Aim of the task
Leaving out the pictures, transcribe all of the records faithfully.

Records for this task

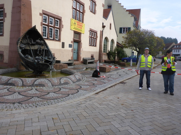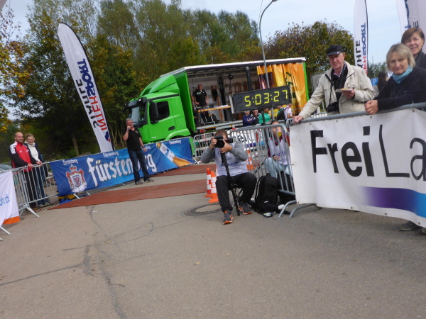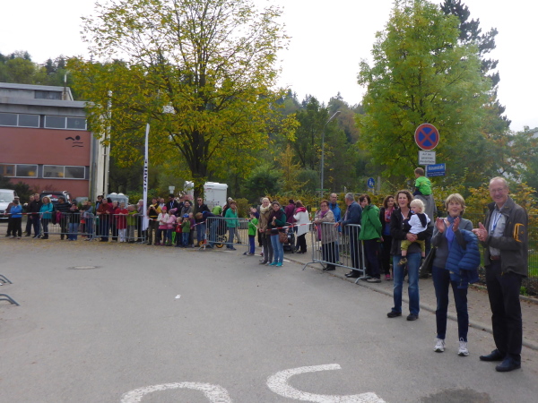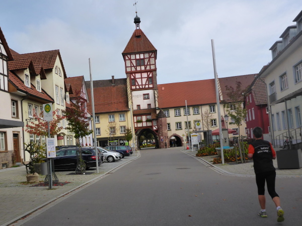 Wir laufen ein kurzes Stück gemeinsam, als ich noch eine weitere Frau vor uns sehe. Es ist nicht mehr weit bis ins Ziel. Am Narrenbrunnen feuern uns die Helfer an. Der Brunnen in Form eines Bootes symbolisiert im Narrenschiff das „Gemeinschaftliche“ der Narrenzunft Eintracht Bräunlingen. Schon liegt das Mühlentor vor uns. Die Dame vor mir stutzt. Wo müssen wir hin? Mir ist klar, dass es durch das Tor gehen muss. Da stehen auch schon Streckenposten. Aufgrund ihres kurzen Zögerns kann ich mit Schwung an ihr vorbeiziehen. Jetzt nur nicht nachlassen. Hinter der nächsten Kurve kann ich den Zielbereich erkennen. Dort sind jede Menge Zuschauer. Es folgt die letzte Kurve und dann das Ziel. Hier ist die Hölle los. Ich bin mitten in den Zieleinlauf des Bambinilaufs hineingeraten. Direkt hinter mir kommt schon Brigitte. Wegen ihres tollen Laufrocks wird sie vom Moderator gleich interviewt. Sie ist schon wieder bei Atem.
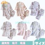 パジャマ ルーームウエア 浴衣 和風 花柄 女性 寝間着 ストライプ 上下セット 綿 和服 部屋着 寝巻き ガーゼセット 前開き 春 秋 夏 通気性 吸汗 吸湿
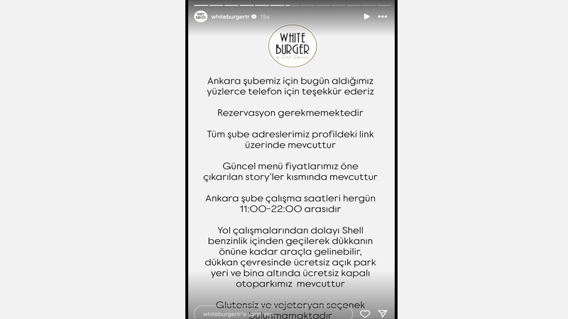 White Burger, çiçeği burnunda Ankara şubesinin açılışının ardından resmi hesaptan bir açıklama yaptı. Yemek yemek için rezervasyon gerekmediği belirtilen açıklamada güncel menü fiyatları hakkında da bilgi verildi. Ankara'daki çalışma saatlerinin ise 11.00-22.00 arasında olduğu hatırlatıldı.
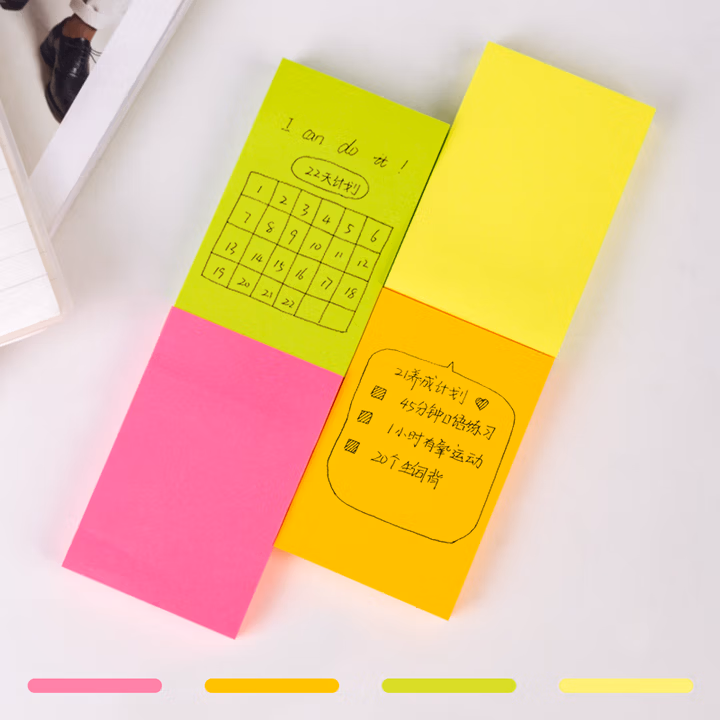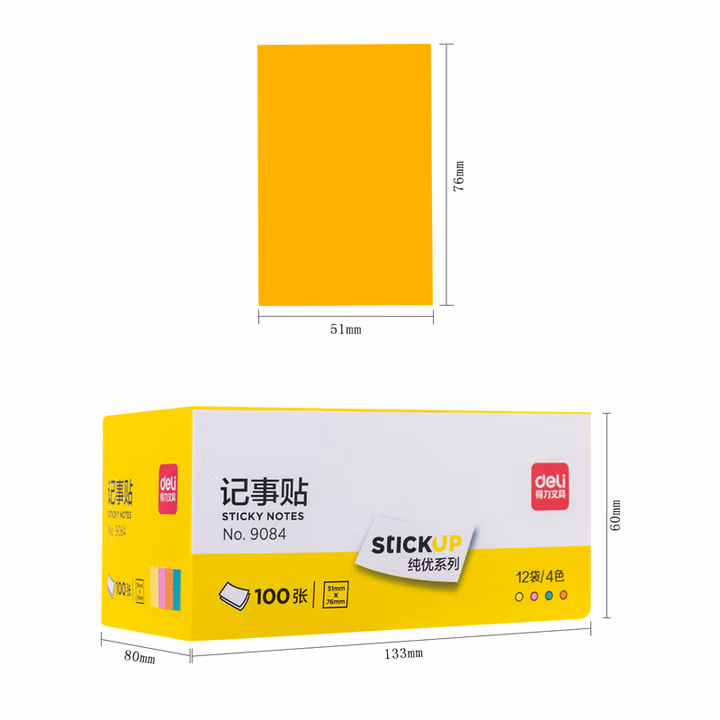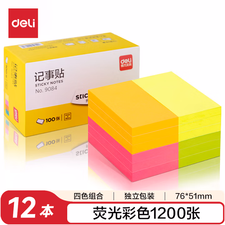 得力(deli)12本1200张荧光彩色便利贴 76*51mm便条纸/ 记事贴/ 自粘留言本 办公用品 9084
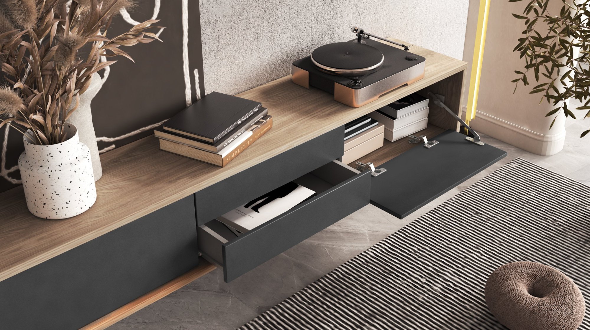 Die TV-Kommode Frida 2K2S besteht aus einer laminierten Spanplatte, die für Langlebigkeit und Widerstandsfähigkeit im Alltag sorgt. Die Oberfläche in geölter Eiche verleiht Wärme und einen natürlichen Look, während die anthrazitfarbenen Akzente einen modernen, eleganten Kontrast schaffen. Diese Kombination aus Materialien und Farben ergibt ein harmonisches Gesamtbild, das sich mühelos in verschiedene Einrichtungsstile einfügt.

Written response
 Wir laufen ein kurzes Stück gemeinsam, als ich noch eine weitere Frau vor uns sehe. Es ist nicht mehr weit bis ins Ziel. Am Narrenbrunnen feuern uns die Helfer an. Der Brunnen in Form eines Bootes symbolisiert im Narrenschiff das „Gemeinschaftliche“ der Narrenzunft Eintracht Bräunlingen. Schon liegt das Mühlentor vor uns. Die Dame vor mir stutzt. Wo müssen wir hin? Mir ist klar, dass es durch das Tor gehen muss. Da stehen auch schon Streckenposten. Aufgrund ihres kurzen Zögerns kann ich mit Schwung an ihr vorbeiziehen. Jetzt nur nicht nachlassen. Hinter der nächsten Kurve kann ich den Zielbereich erkennen. Dort sind jede Menge Zuschauer. Es folgt die letzte Kurve und dann das Ziel. Hier ist die Hölle los. Ich bin mitten in den Zieleinlauf des Bambinilaufs hineingeraten. Direkt hinter mir kommt schon Brigitte. Wegen ihres tollen Laufrocks wird sie vom Moderator gleich interviewt. Sie ist schon wieder bei Atem.
 パジャマ ルーームウエア 浴衣 和風 花柄 女性 寝間着 ストライプ 上下セット 綿 和服 部屋着 寝巻き ガーゼセット 前開き 春 秋 夏 通気性 吸汗 吸湿
 White Burger, çiçeği burnunda Ankara şubesinin açılışının ardından resmi hesaptan bir açıklama yaptı. Yemek yemek için rezervasyon gerekmediği belirtilen açıklamada güncel menü fiyatları hakkında da bilgi verildi. Ankara'daki çalışma saatlerinin ise 11.00-22.00 arasında olduğu hatırlatıldı.
 得力(deli)12本1200张荧光彩色便利贴 76*51mm便条纸/ 记事贴/ 自粘留言本 办公用品 9084
 Die TV-Kommode Frida 2K2S besteht aus einer laminierten Spanplatte, die für Langlebigkeit und Widerstandsfähigkeit im Alltag sorgt. Die Oberfläche in geölter Eiche verleiht Wärme und einen natürlichen Look, während die anthrazitfarbenen Akzente einen modernen, eleganten Kontrast schaffen. Diese Kombination aus Materialien und Farben ergibt ein harmonisches Gesamtbild, das sich mühelos in verschiedene Einrichtungsstile einfügt.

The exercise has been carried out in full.